DIALÉTICA, IDEOLOGIA E DISPUTA HEGEMÔNICA

1.5 AS IDEOLOGIAS COMO FORMA DE CONSCIÊNCIA

Para Antonio Gramsci, a ideologia representa uma visão de mundo em todos os espaços da vida: arte, literatura, economia etc. englobando tudo que está organizado no plano das ideias e não significando, apenas, concepções introjetadas. A ideologia adquire o:

[...] significado mais alto de uma concepção de mundo, que se manifesta implicitamente na arte, no direito, na atividade econômica, em todas as manifestações individuais e coletivas (GRAMSCI, 1978, p. 16).

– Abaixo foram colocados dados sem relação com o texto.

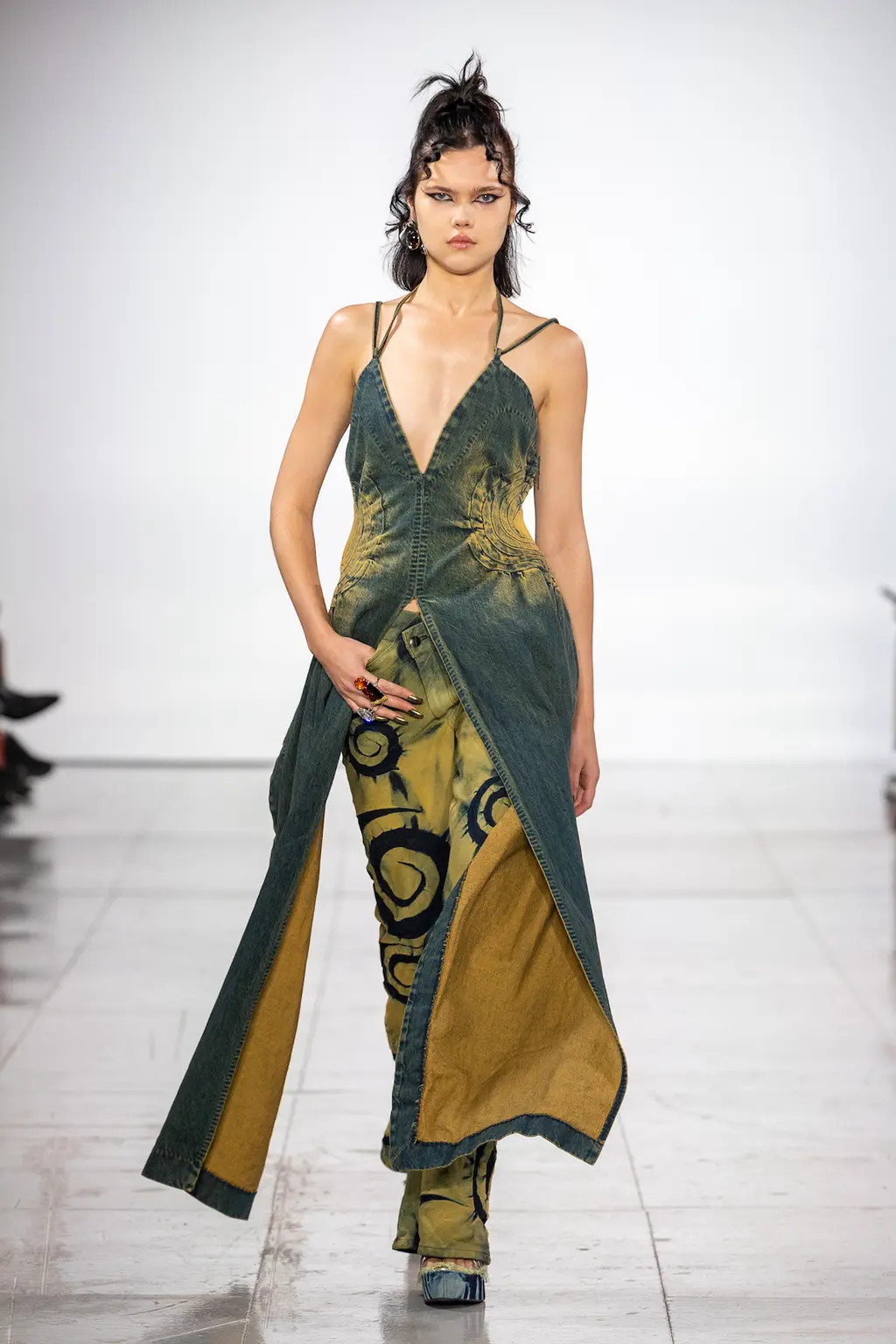 Only a few collections in, the Ukrainian designer, who graduated from Central Saint Martins in 2018 and has interned at Maison Margiela, has become synonymous for her high-octane optimism: flared jeans, thong detailing and denim maxi skirts are like a shot of healthy nostalgia. But she retains a killer attitude in tyre-mark graphics, monster platform boots and care-free low-rise cuts. As resilient as it is sexy. TJ
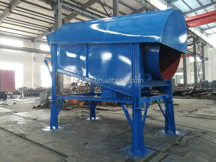 Двухслойный троммель экран Поднимается при вращении и газируется, когда он отваливается. Это действие повторяется с каждой революцией по длине барабана. Более тонкий материал проходит через отверстия экрана, в то время как больший материал переходит к выходу в задней части барабана.

Diferentemente da leitura marxiana que predominavam até então, o autor rejeita o caráter exclusivamente negativo de ideologia, compreendendo desta forma esse processo histórico de significação:

O sentido pejorativo da palavra tornou-se exclusivo, o que modificou e desnaturou a análise teórica do conceito de ideologia. O processo deste erro pode ser facilmente reconstruído: 1) identifica-se a ideologia como sendo distinta da estrutura e afirma-se que não são as ideologias que modificam a estrutura, mas sim vice-versa; 2) afirma-se que uma determinada solução política é ‘ideológica’, isto é, insuficiente para modificar a estrutura, mesmo que acredite poder modificá-la; afirma-se que é inútil, estúpida, etc.; 3) passa-se a afirmar que toda ideologia é ‘pura’ aparência, inútil, estúpida, etc (GRAMSCI, 1978, p. 62).

Ao longo do séc. XX diversos autores situados no interior da tradição marxista utilizaram o conceito de ideologia em diálogo com a perspectiva de revalorização inicialmente aberta por Gramsci. Ultrapassa nossos objetivos proceder a um

levantamento mais detalhado deste debate, porém faremos referência, a alguns aportes essenciais para a definição do ferramental teórico necessário à nossa pesquisa.

Neste sentido, as sínteses elaboradas por Eagleton nos serão bastante úteis, pois são bem delineadas teoricamente e encaminham a ênfase de nossa reflexão para a dinâmica construtiva e mobilizadora da ideologia. Sendo assim, o conceito de ideologia é visto como possuidor de:

[...] um amplo espectro de significados históricos, do sentido intratavelmente amplo de determinação social do pensamento até a ideia suspeitosamente limitada de disposição de falsas ideias no interesse direto de uma classe dominante. Com muita frequência, refere-se aos modos como os signos, significados e valores ajudam a reproduzir um poder social dominante, mas também pode denotar qualquer conjuntura significante entre discurso e interesses políticos (EAGLETON, 1997, p. 191). A ideologia como uma estrutura material complexa, não é vista apenas como um tipo de subjetividade coletiva (EAGLETON, 1997, p. 113) e, portanto, não reflete somente a visão de mundo dos setores dominantes, mas sim as relações entre os blocos em disputa na sociedade como um todo.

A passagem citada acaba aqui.